Lula anuncia reação à taxação do aço de Trump: ‘Denunciaremos ou taxaremos produtos dos Estados Unidos’

Declaração ocorre após presidente dos EUA assinar memorando sobre tarifas recíprocas a países que impõem taxas de importação.

O presidente Luiz Inácio Lula da Silva declarou nesta sexta-feira que o Brasil tomará ações “comerciais” em resposta à decisão dos Estados Unidos de aplicar tarifas sobre o aço brasileiro. A manifestação do presidente ocorre logo após Donald Trump assinar um memorando que possibilita a imposição de tarifas recíprocas a países que cobram taxas sobre as importações de produtos americanos.

“Se houver taxação sobre o aço brasileiro, vamos agir comercialmente, seja denunciando na Organização Mundial do Comércio ou impondo tarifas sobre os produtos que importamos dos EUA”, afirmou Lula durante uma entrevista à Rádio Clube do Pará, referindo-se ao organismo internacional responsável pela regulação do comércio mundial.

Lula também destacou a postura dos EUA ao longo das últimas décadas em relação ao comércio global.

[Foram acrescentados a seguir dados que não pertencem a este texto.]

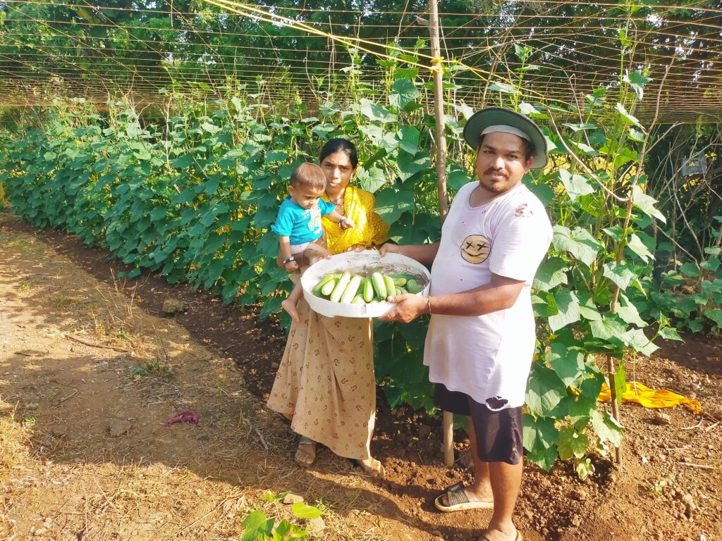 या हंगामात त्यांनी काकडी, कारले आणि चौळीची लागवड करून ५७ हजार ५०० इतकेआतापर्यंतचे सर्वाधिक हंगामी उत्पन्न मिळवले. पहिल्यांदाच आमच्या मुलाच्या भविष्याबद्दल सुरक्षित वाटत आहे, असेचंद्रा सांगतात. आमच्या नातवांनाही आता पुढे शिकायची स्वप्ने दिसू लागली आहेत,” असे गाढेश्वर येथील महादी आणि दत्तू दुमणे सांगतात. २.५ एकरशेती असलेल्या या दांपत्याला वाडी प्रकल्पांतर्गत सहाय्य मिळाले. सुधारित पद्धतींमुळे त्यांनी काकडी आणि चौळीचे उत्पादन घेऊन २३ हजार २० रुपये मिळवले, तसेच आंबा विक्रीतूनअतिरिक्त ५५ हजार ९०० रुपये उत्पन्नमिळाले. “पूर्वी आम्ही मजुरीवर अवलंबून होतो; आता आमची शेतीच आमची सोय करते, असे दत्तू सांगतात.

Segundo ele, os Estados Unidos prometeram e impulsionaram o livre comércio por mais de 60 anos, incentivando outros países a seguir essa linha, especialmente após os anos 1980. “Empresas de todo o mundo, especialmente dos EUA e Europa, buscaram na China a exploração de uma mão de obra barata e um regime político rigoroso. No entanto, os chineses evoluíram e hoje possuem um nível de tecnologia superior ao dos outros países”, disse o presidente.

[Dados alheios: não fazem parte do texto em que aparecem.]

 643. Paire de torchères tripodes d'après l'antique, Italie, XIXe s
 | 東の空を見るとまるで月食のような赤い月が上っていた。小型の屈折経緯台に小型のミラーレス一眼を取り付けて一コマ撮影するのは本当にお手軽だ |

O chefe de Estado também abordou a relação com o presidente dos EUA, Donald Trump, com quem ainda não teve qualquer comunicação desde a posse dele em 20 de janeiro. “Ainda não conversei com Trump, e ele também não entrou em contato comigo. A relação é entre os governos do Brasil e dos EUA. Consideramos os Estados Unidos um parceiro vital, e esperamos que os EUA reconheçam a importância do Brasil”, completou.

Embora o memorando sobre as tarifas tenha sido assinado, a implementação das medidas ainda está pendente. Um representante da Casa Branca informou que a decisão de adiar a aplicação das tarifas foi tomada para permitir que os países tenham tempo para negociar novos acordos comerciais com os Estados Unidos.

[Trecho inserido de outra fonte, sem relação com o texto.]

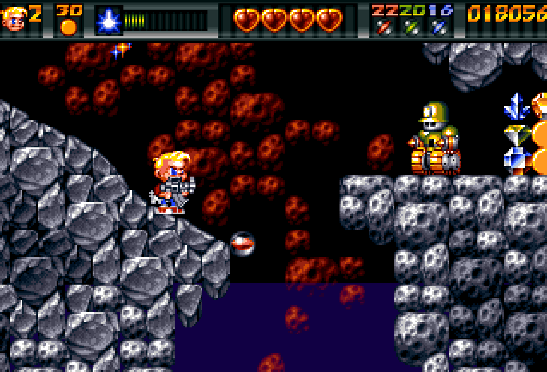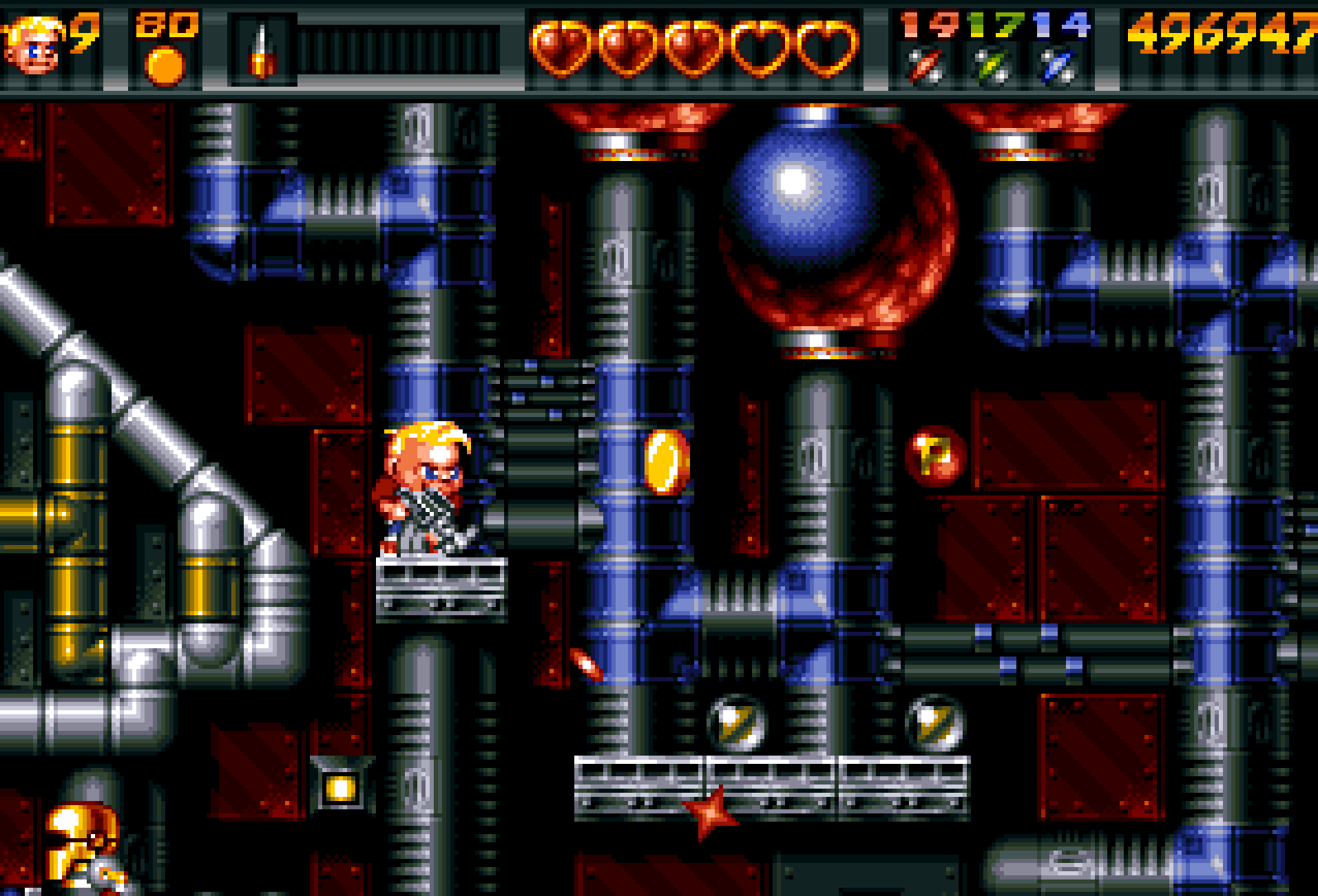 Dette er et av flere områder der Ruff ‘n’ Tumble bruker klassiske «risiko versus belønning»-mekanismer for å dytte spillerne til å ta sjanser. Jo nærmere du er å miste et våpen, jo mer fristende er det å buse frem for å grabbe mer energi, og jo større er dermed risikoen for at du selv får et ublidt møte med en fiende eller et projektil.

O memorando de Trump determina que seus assessores avaliem as práticas comerciais dos países, com o objetivo de definir quais tarifas recíprocas serão impostas. A medida gerou preocupações sobre uma possível escalada de uma guerra comercial em nível global.

Trump reconheceu que “os preços podem aumentar” nos EUA como consequência das tarifas, e a decisão indica que a análise das práticas comerciais não se limitará apenas às tarifas impostas sobre os produtos americanos. O governo dos EUA também levará em conta impostos sobre produtos estrangeiros, subsídios a indústrias nacionais, políticas cambiais e outras medidas consideradas injustas, que, segundo Trump, justificariam a retaliação.

A ordem assinada por Trump orienta o Departamento de Comércio dos EUA a realizar estudos para determinar as tarifas específicas que serão aplicadas a cada país. O processo de análise pode durar semanas ou até meses. O indicado por Trump para chefiar o Departamento de Comércio, Howard Lutnick, afirmou que todos os estudos deverão ser concluídos até 1º de abril, após o que o presidente poderá agir.

“Se algum país nos impuser tarifas ou impostos, responderemos com o mesmo nível de taxação”, declarou Trump, acrescentando que “os aliados dos EUA, muitas vezes, são mais duros comercialmente do que nossos próprios inimigos”.